* Exercise aim
Could the entries below be transcribed word for word, with the pictures omitted?

START Material provided

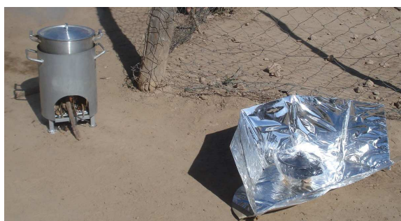
Figura 1: Fotografía de la cocina solar y brasero optimizado.

La actividad de visita de campo a los pueblos de la margen salteña del Pilcomayo se realizó en agosto, durante cinco días, portando una cocina solar de cartón y un brasero a leña, como indica la fotografía de la figura 1.
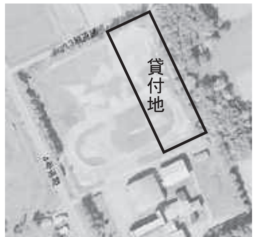
旧中学校跡地の航空写真

ベビーリーフとは発芽後10~30日程度の若い葉菜の総称 今回水戸菜園では、8種類程度の葉菜の栽培を計画しています。
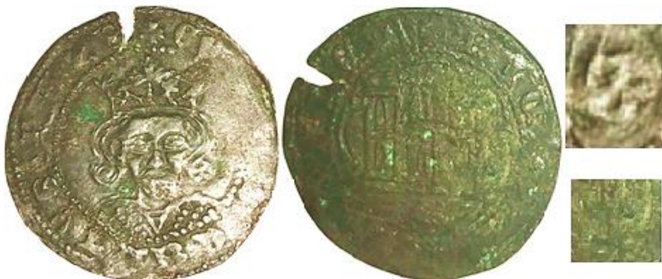
CM:C.S.3: Contramarca de cartucho ovalado de Letra "S" Levógira latina mayúscula en positivo con forma de número "2", y resto del campo en negativo creado por el límite de punzón, colocada encima de la parte derecha del pelo del rey. Estampada en el reverso de un Cuarto de Vellón de Enrique IV, probablemente de la ceca de Ávila, del tipo Imperatrix E4:14.17.

END Material provided

* Exercise output
Figura 1: Fotografía de la cocina solar y brasero optimizado.

La actividad de visita de campo a los pueblos de la margen salteña del Pilcomayo se realizó en agosto, durante cinco días, portando una cocina solar de cartón y un brasero a leña, como indica la fotografía de la figura 1.
旧中学校跡地の航空写真

ベビーリーフとは発芽後10~30日程度の若い葉菜の総称 今回水戸菜園では、8種類程度の葉菜の栽培を計画しています。
CM:C.S.3: Contramarca de cartucho ovalado de Letra "S" Levógira latina mayúscula en positivo con forma de número "2", y resto del campo en negativo creado por el límite de punzón, colocada encima de la parte derecha del pelo del rey. Estampada en el reverso de un Cuarto de Vellón de Enrique IV, probablemente de la ceca de Ávila, del tipo Imperatrix E4:14.17.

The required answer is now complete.